* **EXERCISE DESCRIPTION**: Give back the data exactly, with no images.

* **GIVEN MATERIAL**:
-*-*-
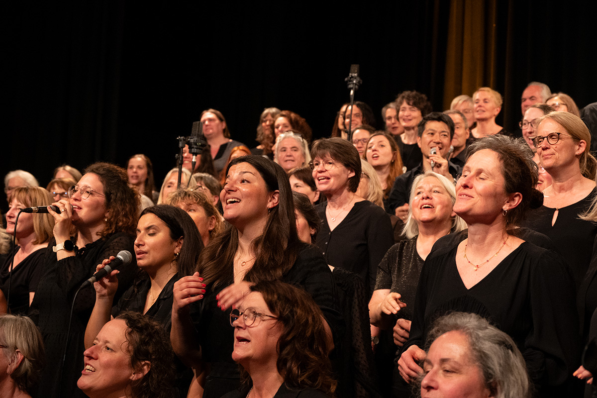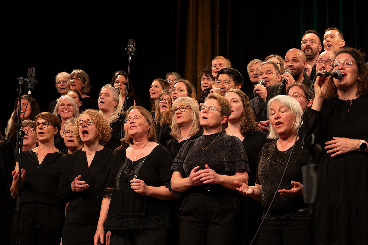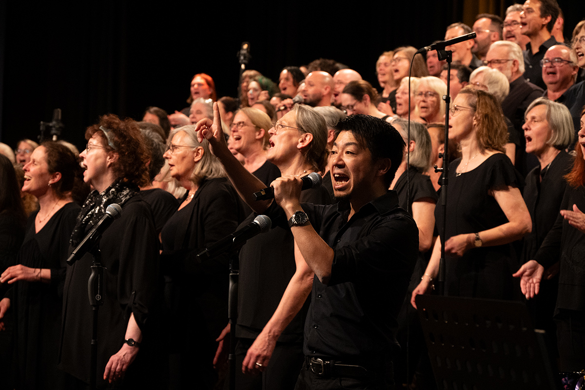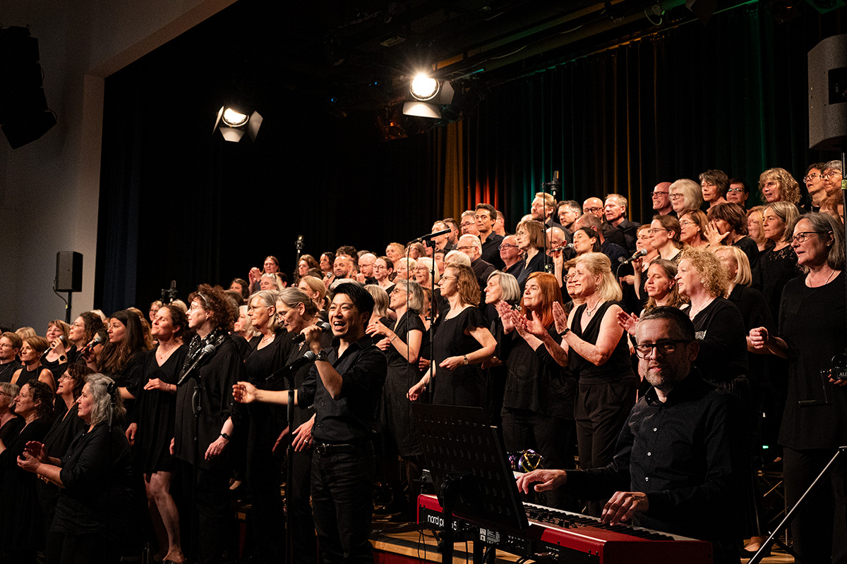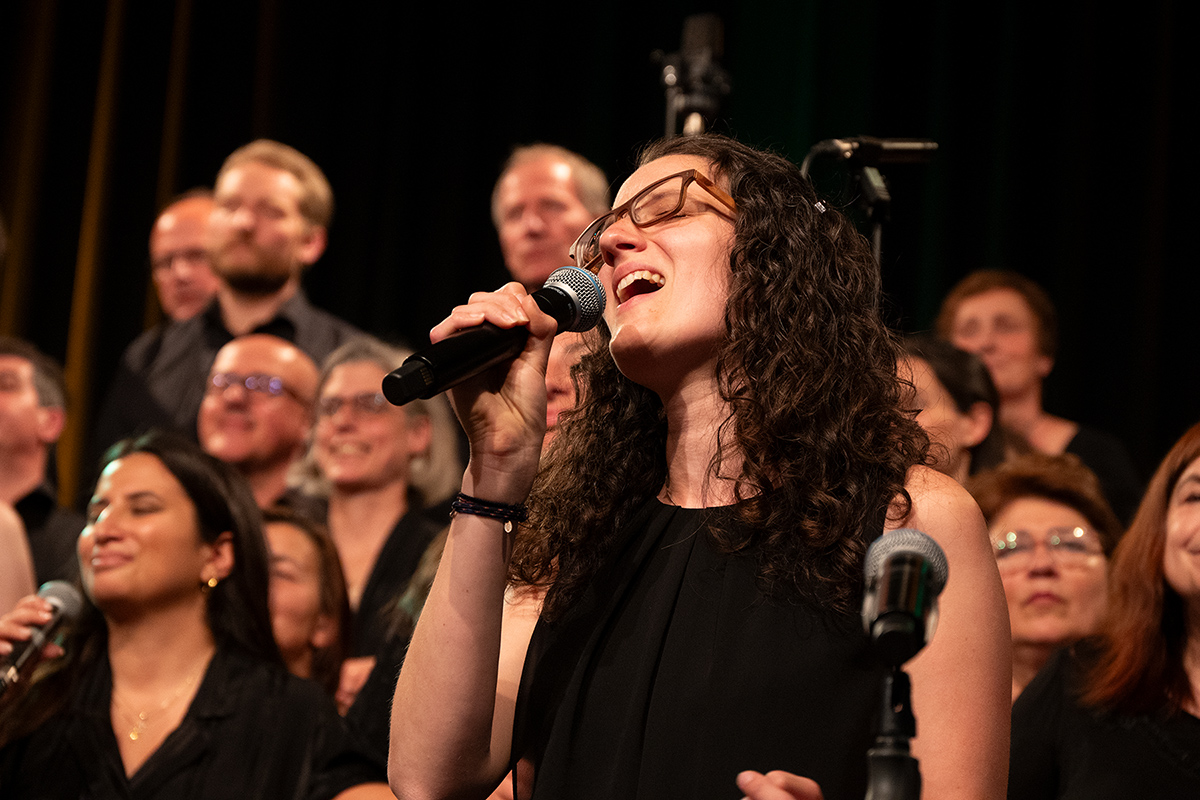 Der Groove der Andrea Crouch-Stücke habe ihn nicht losgelassen, so Dillenhöfer, bevor er mit seinem Chor „Soon and very soon“ und „Jesus is the answer“ anstimmte. Viele seiner Generation würden diese Lieder sicher kennen - da dürfe gerne mitgesungen werden. „Wir verstehen uns nicht als Vortragschor, sondern als Mitsingchor“. Sein Tipp ans Publikum, um noch mehr selbst zu singen: „Dann müsst ihr eben zu Tine in den Chor - ihr könnt aber auch gerne nach Stuttgart kommen.“
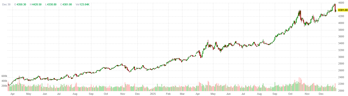С начала года золото выросло в цене на 66% — это крупнейший годовой прирост с 1979 года. Его движение поддержал целый комплекс факторов: смягчение монетарной политики, геополитическая напряжённость, активные покупки со стороны центробанков и приток средств в фонды, обеспеченные золотом (ETF).
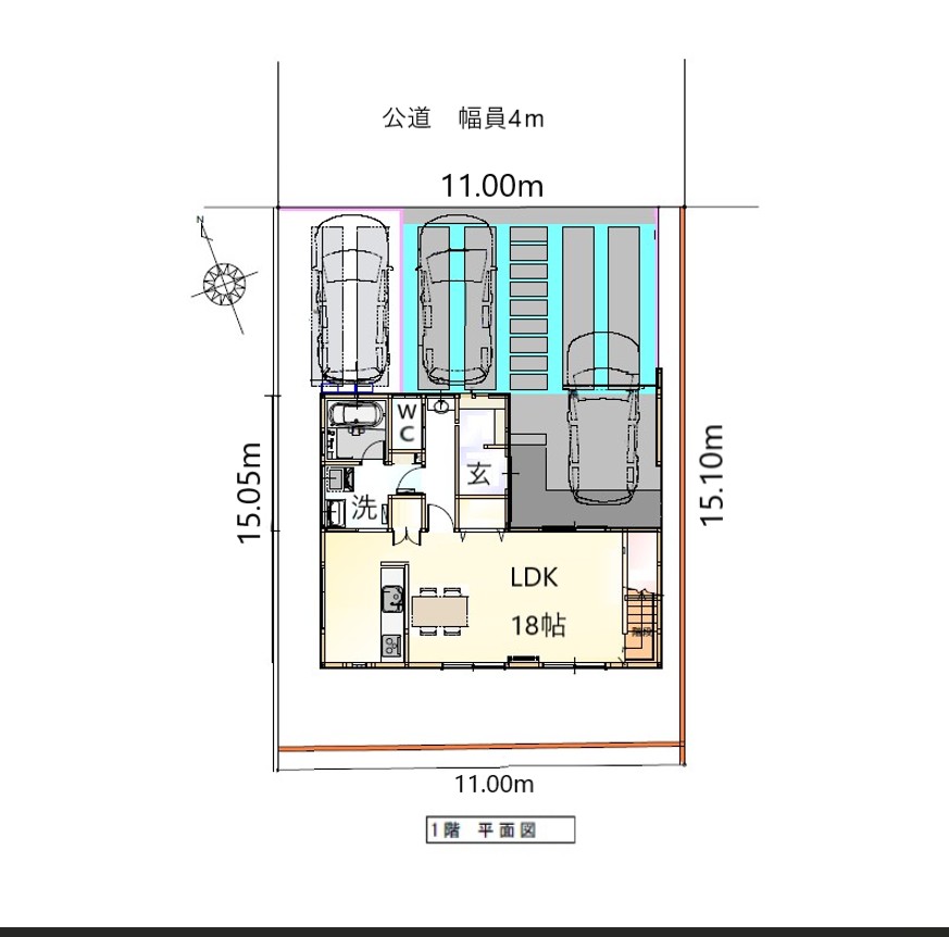 | 接道状況 | 向き:北東 道路幅:4m 接道幅(間口):11m |
-*-*-
* **RESULT OF THE EXERCISE**:
 Der Groove der Andrea Crouch-Stücke habe ihn nicht losgelassen, so Dillenhöfer, bevor er mit seinem Chor „Soon and very soon“ und „Jesus is the answer“ anstimmte. Viele seiner Generation würden diese Lieder sicher kennen - da dürfe gerne mitgesungen werden. „Wir verstehen uns nicht als Vortragschor, sondern als Mitsingchor“. Sein Tipp ans Publikum, um noch mehr selbst zu singen: „Dann müsst ihr eben zu Tine in den Chor - ihr könnt aber auch gerne nach Stuttgart kommen.“
С начала года золото выросло в цене на 66% — это крупнейший годовой прирост с 1979 года. Его движение поддержал целый комплекс факторов: смягчение монетарной политики, геополитическая напряжённость, активные покупки со стороны центробанков и приток средств в фонды, обеспеченные золотом (ETF).
 | 接道状況 | 向き:北東 道路幅:4m 接道幅(間口):11m |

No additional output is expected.